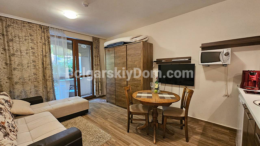 Ексклюзивна пропозиція вже в каталозі агенції Болгарський Дім! Стильна квартира з власним виходом у сад у престижному ком’юніті! Продається затишна студія площею 37 кв.м у комплексі Cascadas — одному з топових сімейних комплексів на Сонячному Березі. Квартира має рідкісну та важливу перевагу: власну терасу з виходом безпосередньо у зелений сад, оскільки розташована на першому поверсі. Нерухомість повністю мебльована та оснащена всім необхідним (від дивана до кавоварки). Інтер’єр виконаний у сучасному стилі з теплими дерев’яними акцентами. Об’єкт повністю готовий до комфортного проживання або дохідної оренди.
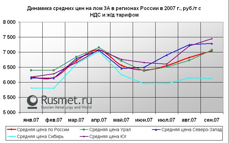 /© Rusmet.ru, Марк Сергеев/ Рост потребления лома черных металлов на внутреннем рынке (+9-12%) на фоне относительного стабильных объемов ломообразования (+1-2%) приводит к вполне адекватной реакции рынка: металлурги борются за поставки сырья на свои склады, в результате чего цены растут. После серьезного спада ценников, наблюдавшегося в мае-июне(отметим, правда, что спад этот произошел после небывалого подъема цен дорекордных величин), потребители внутреннего рынка планомерно повышают закупочные цены. Начиная с июля текущего года на рынке наблюдается положительный ценовой тренд. Средняя цена по России к началу осени «пробила» отметку в 7000 руб. (за тонну ЗА, с НДС и ж/д тарифом), и это с учетом весьма низкого уровня цен на лом в Сибири. Фактически же у многих потребителей ценники перешагнули за «семитысячную» отметку еще в августе.
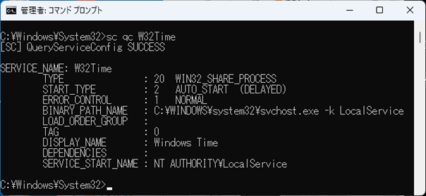 ④ コマンドプロンプトでサービスの設定を確認できます。
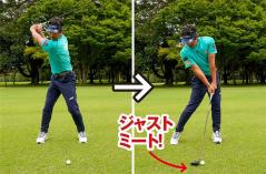 このメソッドのメリットはショットの直前に「飛ばせるハンドファーストインパクト」を体現し、ナイスショットのイメージを高めるという点です。インパクトでボールにきちんと当てようなんて考えないこと。「このカタチに戻ればOK!」と自分に言い聞かせてボールをしっかりヒットし、クラブを気持ちよく振り抜きましょう。
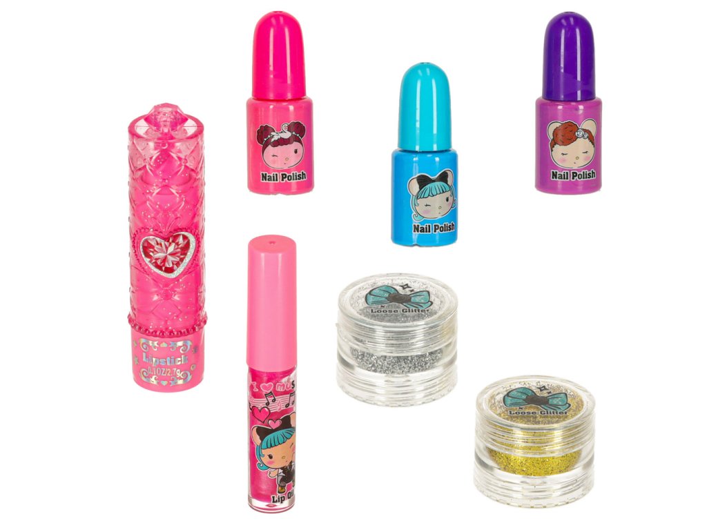 - 6x lesk na rty- 6x oční stíny- 6x rtěnka- 1x vestavěné zrcátko- 2x sypké třpytky- 1x oboustranný pilník na nehty- 13x samolepky na nehty- 1x rtěnka- 1x lesk na rty- 3x lak na nehty- 2x oddělovač barev na nehty- 3x štětce na make-up
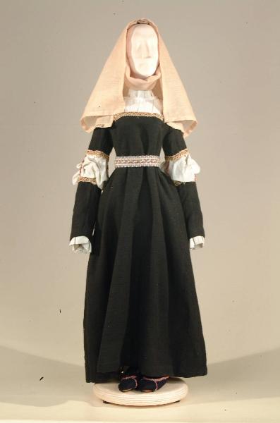 Costume per popolana del '400 costituito da veste, scarpe, cintura, velo, soggolo
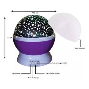 Contém: 1 Luminária Projetor 360º Galaxia Star Master Base Roxa
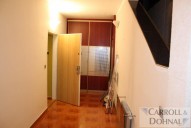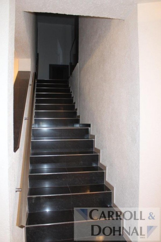 Ze zádveří (vestavěná skříň) se po schodech dostaneme do prostorné chodby, rovněž s úložnými prostory. Z chodby jsou přístupné: samostatné sociální zařízení WC, koupelna s rohovou vanou, dva samostané pokoje, jeden z vestavěnou skříní, komora(původně druhá garáž) a kuchyň s obývacím pokojem a vstupem na terasu. Z obývacího pokoje je pak přístup do třetího samostaného pokoje, který má také svůj vstup na terasu.
•••
> Required work: Without the pictures, write out every entry exactly as it appears.

> Solution to this task:
 Ексклюзивна пропозиція вже в каталозі агенції Болгарський Дім! Стильна квартира з власним виходом у сад у престижному ком’юніті! Продається затишна студія площею 37 кв.м у комплексі Cascadas — одному з топових сімейних комплексів на Сонячному Березі. Квартира має рідкісну та важливу перевагу: власну терасу з виходом безпосередньо у зелений сад, оскільки розташована на першому поверсі. Нерухомість повністю мебльована та оснащена всім необхідним (від дивана до кавоварки). Інтер’єр виконаний у сучасному стилі з теплими дерев’яними акцентами. Об’єкт повністю готовий до комфортного проживання або дохідної оренди.
 /© Rusmet.ru, Марк Сергеев/ Рост потребления лома черных металлов на внутреннем рынке (+9-12%) на фоне относительного стабильных объемов ломообразования (+1-2%) приводит к вполне адекватной реакции рынка: металлурги борются за поставки сырья на свои склады, в результате чего цены растут. После серьезного спада ценников, наблюдавшегося в мае-июне(отметим, правда, что спад этот произошел после небывалого подъема цен дорекордных величин), потребители внутреннего рынка планомерно повышают закупочные цены. Начиная с июля текущего года на рынке наблюдается положительный ценовой тренд. Средняя цена по России к началу осени «пробила» отметку в 7000 руб. (за тонну ЗА, с НДС и ж/д тарифом), и это с учетом весьма низкого уровня цен на лом в Сибири. Фактически же у многих потребителей ценники перешагнули за «семитысячную» отметку еще в августе.
 ④ コマンドプロンプトでサービスの設定を確認できます。
 このメソッドのメリットはショットの直前に「飛ばせるハンドファーストインパクト」を体現し、ナイスショットのイメージを高めるという点です。インパクトでボールにきちんと当てようなんて考えないこと。「このカタチに戻ればOK!」と自分に言い聞かせてボールをしっかりヒットし、クラブを気持ちよく振り抜きましょう。
 - 6x lesk na rty- 6x oční stíny- 6x rtěnka- 1x vestavěné zrcátko- 2x sypké třpytky- 1x oboustranný pilník na nehty- 13x samolepky na nehty- 1x rtěnka- 1x lesk na rty- 3x lak na nehty- 2x oddělovač barev na nehty- 3x štětce na make-up
 Costume per popolana del '400 costituito da veste, scarpe, cintura, velo, soggolo
 Contém: 1 Luminária Projetor 360º Galaxia Star Master Base Roxa
 Ze zádveří (vestavěná skříň) se po schodech dostaneme do prostorné chodby, rovněž s úložnými prostory. Z chodby jsou přístupné: samostatné sociální zařízení WC, koupelna s rohovou vanou, dva samostané pokoje, jeden z vestavěnou skříní, komora(původně druhá garáž) a kuchyň s obývacím pokojem a vstupem na terasu. Z obývacího pokoje je pak přístup do třetího samostaného pokoje, který má také svůj vstup na terasu.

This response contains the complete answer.